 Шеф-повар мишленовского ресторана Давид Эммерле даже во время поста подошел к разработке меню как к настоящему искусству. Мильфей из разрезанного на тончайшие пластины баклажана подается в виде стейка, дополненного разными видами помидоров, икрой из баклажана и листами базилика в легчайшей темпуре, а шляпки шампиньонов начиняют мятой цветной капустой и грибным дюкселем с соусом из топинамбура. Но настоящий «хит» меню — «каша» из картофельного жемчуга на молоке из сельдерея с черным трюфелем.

************

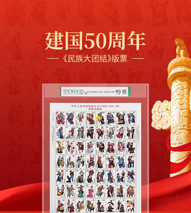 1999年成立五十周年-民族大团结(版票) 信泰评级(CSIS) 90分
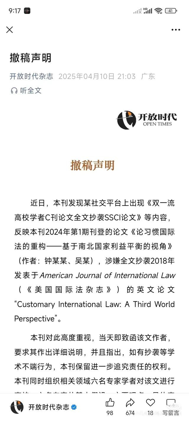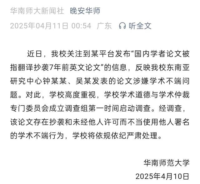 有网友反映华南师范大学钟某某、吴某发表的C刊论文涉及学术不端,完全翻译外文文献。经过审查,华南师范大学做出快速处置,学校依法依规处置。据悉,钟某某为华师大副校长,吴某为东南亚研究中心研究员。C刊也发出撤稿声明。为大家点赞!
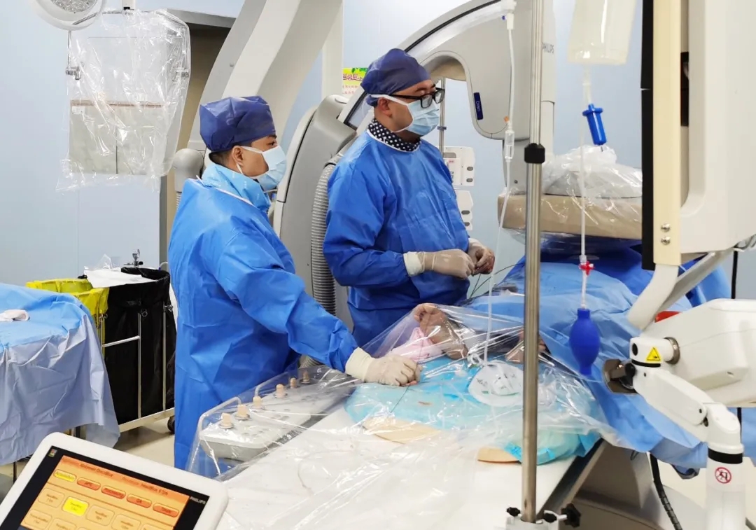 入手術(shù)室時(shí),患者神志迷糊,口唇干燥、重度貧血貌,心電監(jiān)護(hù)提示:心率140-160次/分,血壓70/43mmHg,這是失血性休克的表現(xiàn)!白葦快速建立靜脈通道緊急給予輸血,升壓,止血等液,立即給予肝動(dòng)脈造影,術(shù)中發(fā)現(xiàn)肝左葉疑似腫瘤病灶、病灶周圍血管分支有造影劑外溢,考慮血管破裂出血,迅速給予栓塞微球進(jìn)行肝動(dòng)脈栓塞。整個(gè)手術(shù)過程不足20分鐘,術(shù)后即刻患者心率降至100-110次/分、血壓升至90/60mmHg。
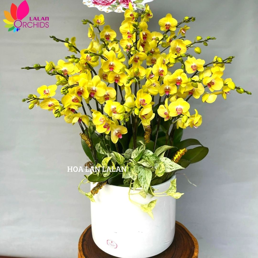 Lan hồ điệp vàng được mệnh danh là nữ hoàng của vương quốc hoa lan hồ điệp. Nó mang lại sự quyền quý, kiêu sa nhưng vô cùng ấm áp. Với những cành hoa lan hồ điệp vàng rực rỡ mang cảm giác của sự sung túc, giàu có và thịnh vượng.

************

# WORK TASK:
Exactly as written above, retype the lines starting at the one holding "1999年成立五十周年-民族大团结(版票) 信泰评级(CSIS) 90分" and ending at the one holding "Lan hồ điệp vàng được", both included, but not the pictures.

# SOLUTION TO THIS TASK:
 1999年成立五十周年-民族大团结(版票) 信泰评级(CSIS) 90分
 有网友反映华南师范大学钟某某、吴某发表的C刊论文涉及学术不端,完全翻译外文文献。经过审查,华南师范大学做出快速处置,学校依法依规处置。据悉,钟某某为华师大副校长,吴某为东南亚研究中心研究员。C刊也发出撤稿声明。为大家点赞!
 入手術(shù)室時(shí),患者神志迷糊,口唇干燥、重度貧血貌,心電監(jiān)護(hù)提示:心率140-160次/分,血壓70/43mmHg,這是失血性休克的表現(xiàn)!白葦快速建立靜脈通道緊急給予輸血,升壓,止血等液,立即給予肝動(dòng)脈造影,術(shù)中發(fā)現(xiàn)肝左葉疑似腫瘤病灶、病灶周圍血管分支有造影劑外溢,考慮血管破裂出血,迅速給予栓塞微球進(jìn)行肝動(dòng)脈栓塞。整個(gè)手術(shù)過程不足20分鐘,術(shù)后即刻患者心率降至100-110次/分、血壓升至90/60mmHg。
 Lan hồ điệp vàng được mệnh danh là nữ hoàng của vương quốc hoa lan hồ điệp. Nó mang lại sự quyền quý, kiêu sa nhưng vô cùng ấm áp. Với những cành hoa lan hồ điệp vàng rực rỡ mang cảm giác của sự sung túc, giàu có và thịnh vượng.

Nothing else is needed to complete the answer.